Os jovens olham desolados o fracasso das gerações de seus pais e avós, cuja fantasia amazônica produziu essa vasta extensão de pó e pobreza. Ficção de terror científico? Não previsão científica. Pode acontecer, se a degradação da floresta continuar como hoje e se o Brasil e o mundo não começarem a agir já, para conter a mudança climática global.

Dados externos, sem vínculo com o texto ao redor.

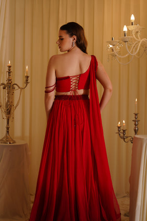 We bring to you an enamouring beautiful creation of classic silhouettes in a palette of rich red, hues strew with our exquisite
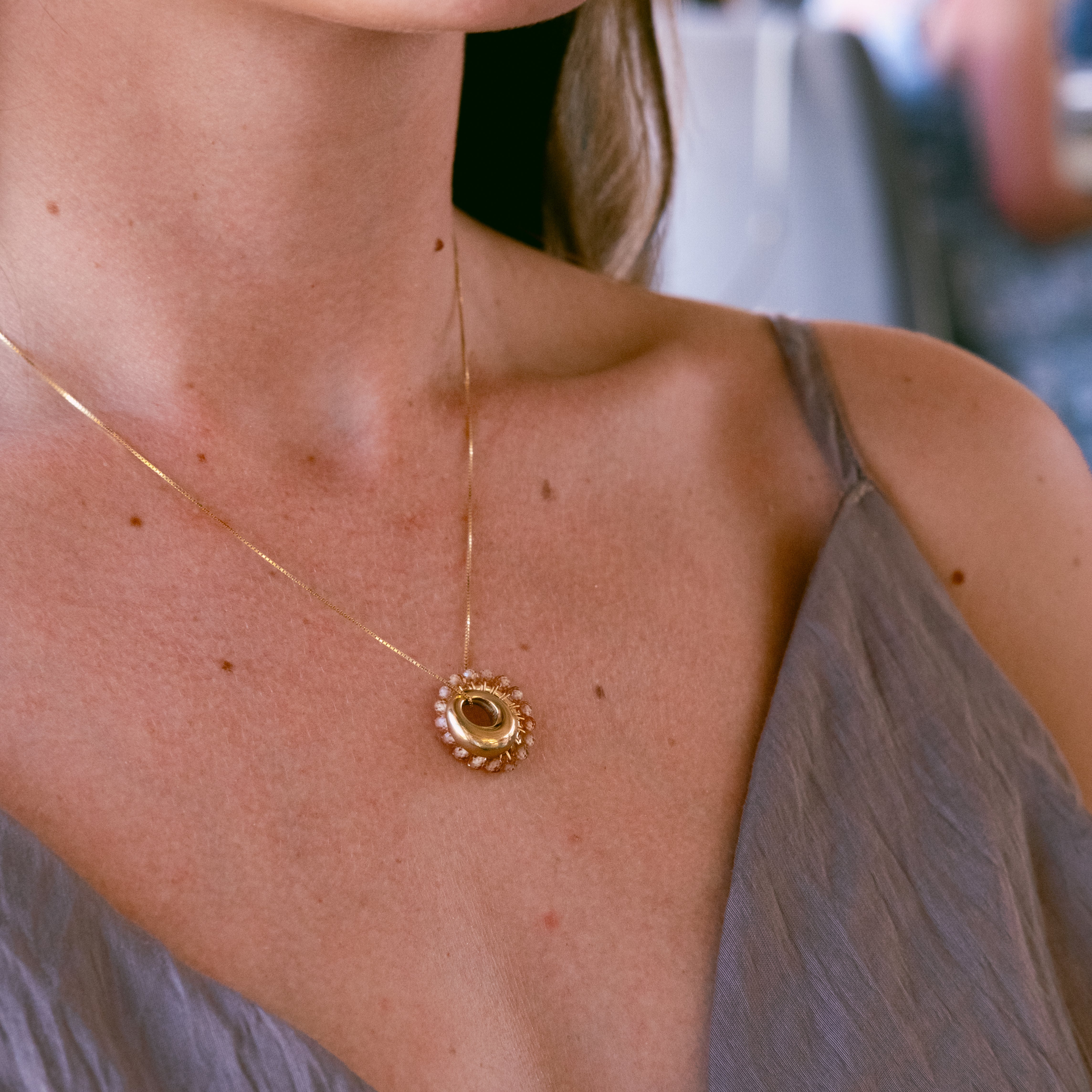 Delicate Sterling Silver Gold Plated chain with Faceted Champagne Quarts and a Gold Plated Nugget
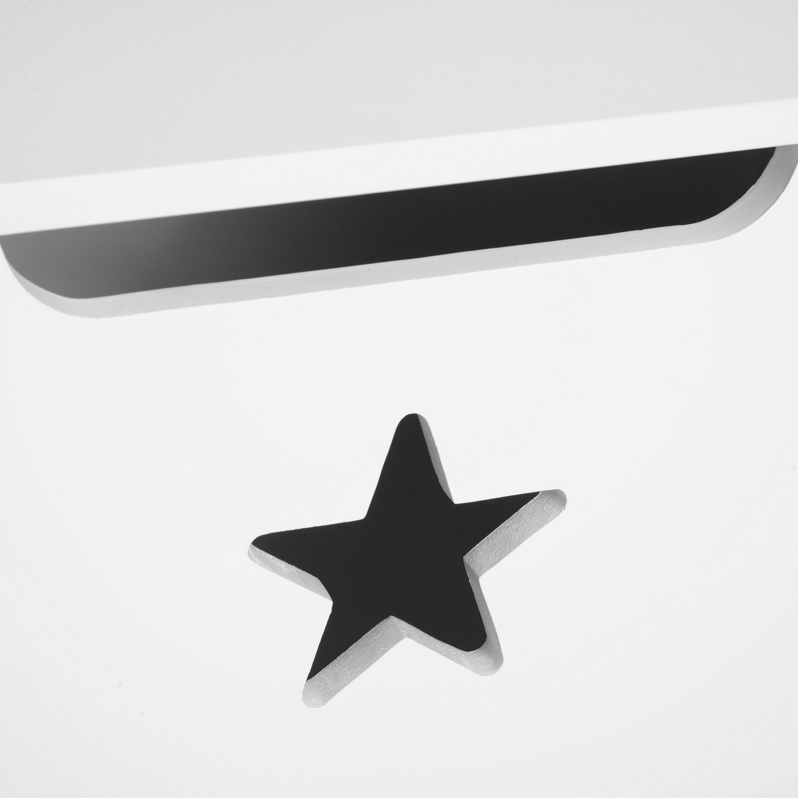Made from MDF and crafted into a spacious 46.5 x 62cm design, this fresh white storage box is the perfect addition to your child's room to store all their toys, books and odd bits and bobs. Sturdy in construction to suit children of all ages, it features a handle-style groove and safety hinge to lift the lid up easily and keep it in place, two handles for easy carrying and an elevated base for extra protection to the box. Finished with a cut-out star on the front for extra character.

Essa previsão, reafirmada pelo estudo apresentado em Nairóbi, foi feita pela primeira vez pelo cientista brasileiro Carlos Nobre, do Instituto Nacional de Pesquisas Espaciais, INPE, em 1991. No artigo publicado em inglês, falava em “savanization”, “savanização” da Amazônia. Isto é, a transformação de áreas da floresta tropical em cerrado, porém sem a riqueza do cerrado brasileiro, também em acelerado processo de extinção.
Se quisermos evitar isso, precisamos parar de tolerar o que acontece na Amazônia hoje. Temos que trabalhar para zerar o desmatamento e “descarbonizar” a indústria, a geração de energia e os transportes mundiais, para reduzir significativamente a emissão dos gases estufa. E será preciso plantar novas matas. Elas, principalmente na fase de crescimento, “respiram” grandes quantidades de gás carbônico, aumentando o “seqüestro de carbono”, ajudando a acelerar queda das emissões e evitar a tragédia climática.
A Amazônia é mais que esgotável. Já está criticamente ameaçada. É nosso interesse e da humanidade que seja salva. Hoje é um patrimônio que dilapidamos, para enriquecer uns poucos, ameaçando empobrecer a maioria e anular o potencial do Brasil no futuro.
Escrito originalmente para o catálogo da SFW, novembro de 2006.